A blog on climate change by Katie Blackman, a National Climate Finance Adviser deployed in Jamaica with the Commonwealth Climate Finance Access Hub.

Climate change can have severe impacts on the private sector, especially micro, small and medium-sized enterprises (MSMEs). The adverse effects of climate change can interrupt business operations such as transportation, attendance of workers, product quality and quantity, threatening their bottom line.

MSMEs must explore ways of reducing their vulnerability to climate change while being cognizant of the opportunity for them to capitalise and make societies more resilient to the changing climate. How do we do this? In particular, how do we mobilise MSMEs in climate action? What is preventing them playing a significant role?

At the Green Climate Fund (GCF) Structured Dialogue with the Caribbean in June 2017, Jamaica led the charge to mobilise the region’s private sector. With support from the Commonwealth Climate Finance Access Hub through the placement of a national climate finance adviser, the Climate Change Division of Jamaica’s Ministry of Economic Growth and Job Creation secured $582,000 from the GCF.
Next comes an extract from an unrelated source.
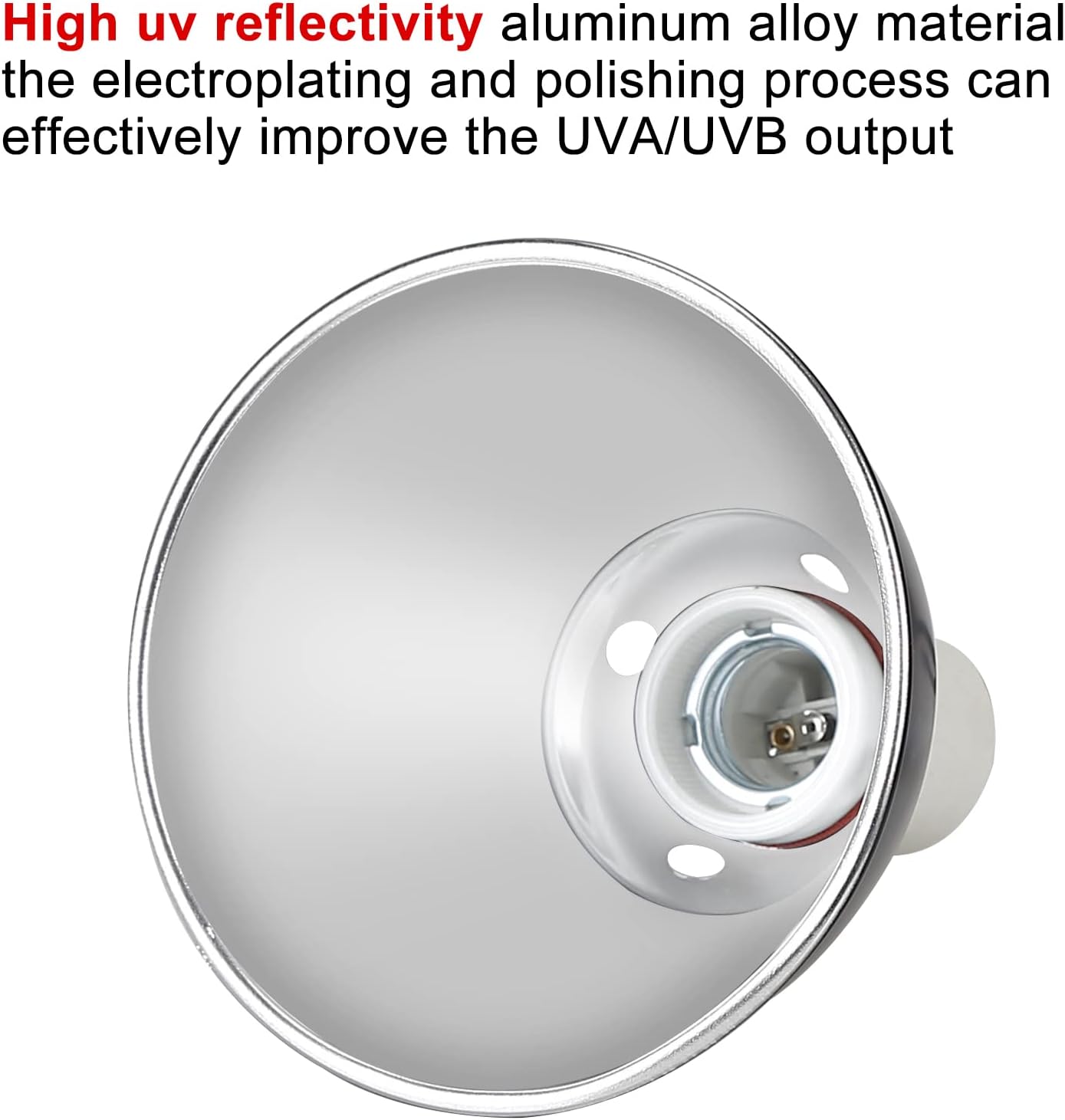 BOEESPAT reptile optical reflection cover is made of 0.7mm thickness premium-quality aluminum material that is excessively polishing to create an extremely reflective surface. Rated for up to a 150 Watt bulb. Perfect for use with Ceramic Heat Emitters, UVA/UVB, Basking Heat lamps, Day lights, and Mercury Vapor lamps etc.
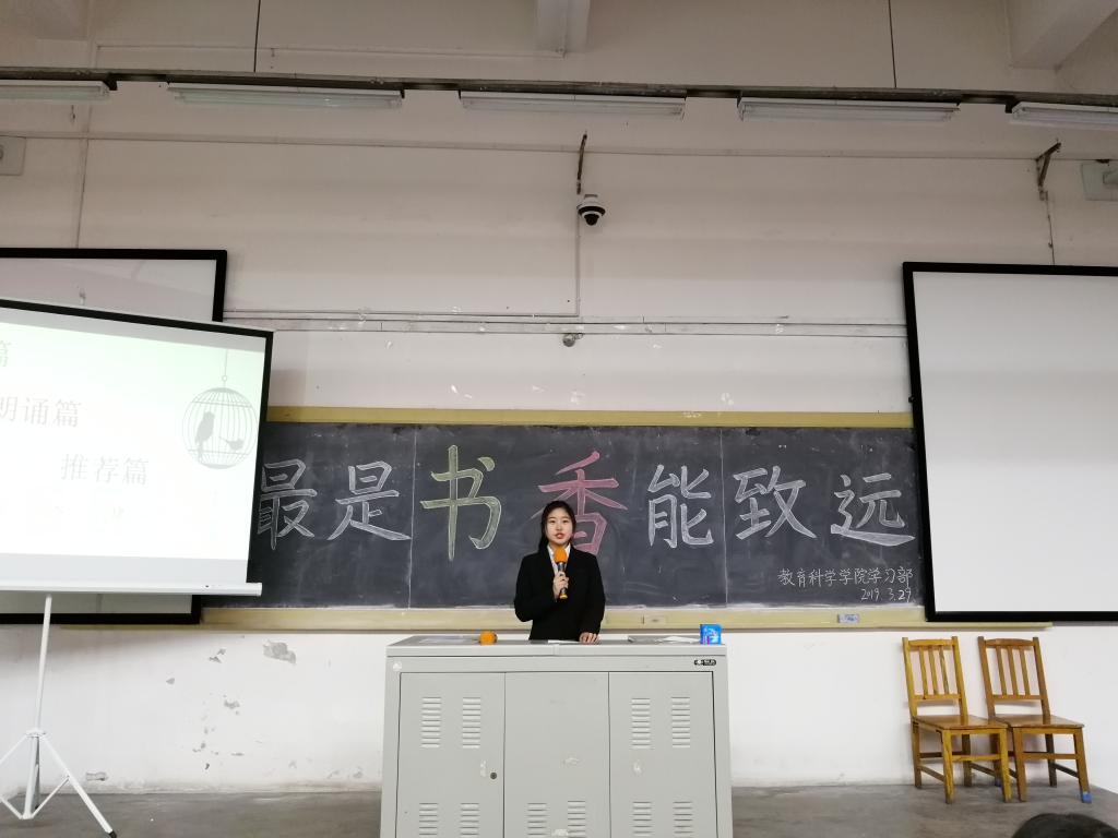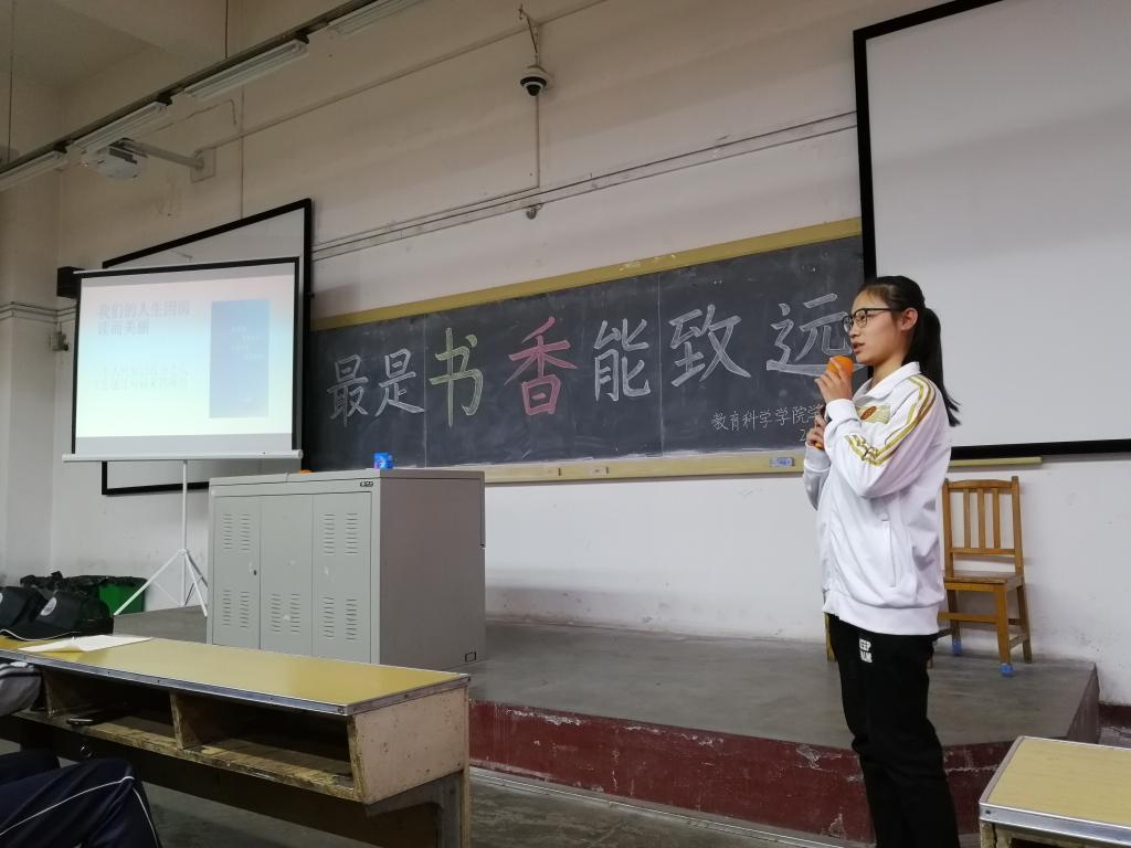 活动由感悟、朗读以及推荐三个环节组成。活动过程中,1804班郭雨梦等5位读书笔记优秀的同学依次分享了读书感悟并与同学们进行了交流,之后由5组同学依次进行朗诵表演,他们举止大方、感情充沛,感染了在场的同学,活动最后由7位即将毕业的同学推荐了一些书籍,分享了自己的读书感悟,为各位同学提供了指导与帮助。

The funds were utilised to implement a readiness initiative to mobilise the private sector to support low carbon and climate resilient development in Jamaica and other Caribbean countries.

In this blog, we highlight four ways that Jamaica is accelerating private sector engagement in climate action through this readiness initiative.

1. Understanding the challenges and barriers – Jamaica undertook a national scoping study to investigate the barriers faced by private sector in climate investment. The study revealed barriers such as:

  • lack of financial capacity to implement (e.g. inadequate access to finance to affordable and appropriate finance and access to insurance);
  • lack of awareness and knowledge of climate risks (e.g. access to information, whether on climate change risks, its effect on business operations, and adaptation and mitigation options);
  • policy and regulation that hinder mitigation and adaptation (e.g. non-climate related agriculture policies, less than attractive enabling environment, market access);
  • lack of technical capacity to implement (i.e. skills to evaluate of investment options, research and development); and
  • social attitudes toward mitigation and adaptation (e.g. lack of interest, beliefs about uncertainty, limited support from member organisations).

2. Building capacity to access climate finance – Opportunities exist to support private adaptation investment such as the Climate Change Adaptation Line of Credit (CCALoC) for Adaptation under the Adaptation Programme and Financing Mechanism of the Pilot Programme for Climate Resilience (PPCR), which supports the agriculture and tourism sector. There is also the “Financing Water Adaptation in Jamaica’s New Urban Housing Sector” which supports households in adopting adaptation technologies. However, through the readiness initiative, Jamaica will focus on training selected private sector entities to transform project ideas into bankable projects. While the training will focus on developing project concepts for the GCF, it will also allow for greater uptake of other funding opportunities that support private adaptation and mitigation investment.

3. Increasing capability to directly access multilateral climate funds – To date, no national or regional private finance institutions that can access the financial resources available from the GCF’s private sector facility. The readiness initiative will investigate the most appropriate candidates for accreditation in the region and undertake a gap assessment to identify at least two entities who can meet the GCF accreditation requirements.

4. Following a plan – In March 2019, a regional scoping study was undertaken, targeting five Caribbean countries – Barbados, Belize, Jamaica, St. Lucia and Trinidad and Tobago, and to identify the barriers to climate investment faced by the private sector. This study will inform the draft regional action plan outlining the priority initiatives to overcome the barriers identified. From this, many capacity development interventions will be formulated for implementation.

In conclusion, while MSMEs are vulnerable to climate change, they remain a key player in building resilience in communities. Many MSMEs may not be yet ready to take climate action but Jamaica is committed to laying the groundwork to support private adaptation investment.

The viewpoints in this blog are those of the author.